The proposed 2016 budget is not reform-oriented, and genuine reforms might be visible only in the government's economic programme, which the European Commission will assess in May, and in the 2017 budget, analysts say.

The Croatian government adopted the draft 2016 budget at its meeting on Thursday, projecting revenues at HRK 114.9 billion, expenditures at HRK 122.4 billion and the deficit at HRK 7.5 billion or 2.2% of GDP.

The budget is based on the estimate that this year GDP will grow by 2%, after gaining 1.6% last year. The growth is expected to be underpinned by domestic demand, and foreign demand should also be positive, Finance Minister Zdravko Maric said.

The European Commission also expects the Croatian GDP to grow by about 2%, but domestic analysts are more cautious.

"Growth could eventually be less than 2% because we face a lot of external risks. I think this is a very optimistic estimate because it is based on an estimated increase in domestic and foreign demand. But increased domestic demand usually also means increased imports, so that net foreign demand this year cannot contribute to economic growth more significantly," said Hrvoje Stojic, chief of research at Hypo Alpe Adria Bank.

Stojic said that the budget and the economic guidelines showed that in fiscal consolidation the government was relying more on the economic cycle and GDP growth than on reducing expenditure.

While presenting the budget, Minister Maric said that the projected deficit of HRK 7.5 billion or 2.2% of GDP would be the lowest since 2008. However, with the addition of six extra-budgetary funds and local government units, the general government deficit climbs to 9.2 billion or 2.7% of GDP.

The total budget expenditure of HRK 122.4 billion is 3.8 billion higher than in 2015.

Stojic said that the government could have shown greater courage and political readiness by making cuts on the expenditure side of the budget because there was room for that. "If the price of freezing the wage and social transfers budget is avoiding the risk of increasing public-sector wages by 6%, then it can be said that the expenditure side of the budget, given the short manoeuvring time, is defined prudently."

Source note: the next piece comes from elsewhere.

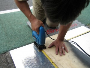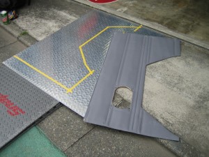 おっ外した内貼りで型取りをして、ジクソーでカット。

He said that the greatest risks to achieving the budget targets lay on the revenue side of the budget, if the expected growth failed. Of the total planned revenue of HRK 114.9 billion, which is 4.7% higher than last year, taxes are expected to bring in HRK 68.9 billion, up 1.2%, while revenue from EU aid was estimated at HRK 9.7 billion, or 96.5% more than in 2015.

"It is understandable that there was no time for bigger reform moves in this budget. This budget is what it is and it is not a test of the fiscal credibility of this government. Its credibility will be shown in the coming months after it adopts its economic programme, which the European Commission will assess in May, and in the budget for 2017," Stojic concluded.

Economic analyst Damir Novotny said that he was not happy with the proposed budget, describing it as a continuation of the bad practice used over the last 15 years. He stressed that the budget should have incorporated some of the European Commission's recommendations.

Novotny said that he had expected a slightly different budget to the recently present budgetary guidelines. "I don't see any specific changes. Some modest savings are visible, but there has been no reversal in the approach to the budgetary polices of the last 15 years or so. The budget is actually based on the approach that the ministries and other budget beneficiaries should make their own budget policies."

"This is roughly what the government thinks will please the European Commission, but I am confident that the Commission will ask for at least structural cuts to budget expenditures. Personally, I certainly expected some changes, because we are in the Excessive Deficit Procedure . We have very clear and precise recommendations from the Commission and they should have been followed, but this budget does not show that," Novotny said.

The European Commission on Wednesday sent early warning signals to six EU member states, including Croatia, regarding their respective obligations under the Stability and Growth Pact, reminding them to take necessary measures so as to maintain their public finances sound and adjust their fiscal policies.

Croatia and the other countries concerned must provide the Commission with their respective national reform and convergence programmes by the end of April. Based on these documents, the Commission will present its proposals for a new set of country-specific recommendations in May.

The Stability and Growth Pact provides that a country's budget gap will not exceed 3% of its GDP and public debt 60% of GDP. The Croatian government estimates that the budget deficit will fall to 2.2% of GDP in 2016, 2% in 2017 and 1.8% in 2018.

Minister Maric said that the government had come to grips with the galloping public debt, adding that debt was expected to stagnate this year and decrease thereafter.

According to the projections, the public debt to GDP ratio at the end of 2015 was 86.9% of GDP, while at the end of this year it is expected to drop to 86.8% of GDP. By 2018, public debt is forecast to fall to 84.7% of GDP.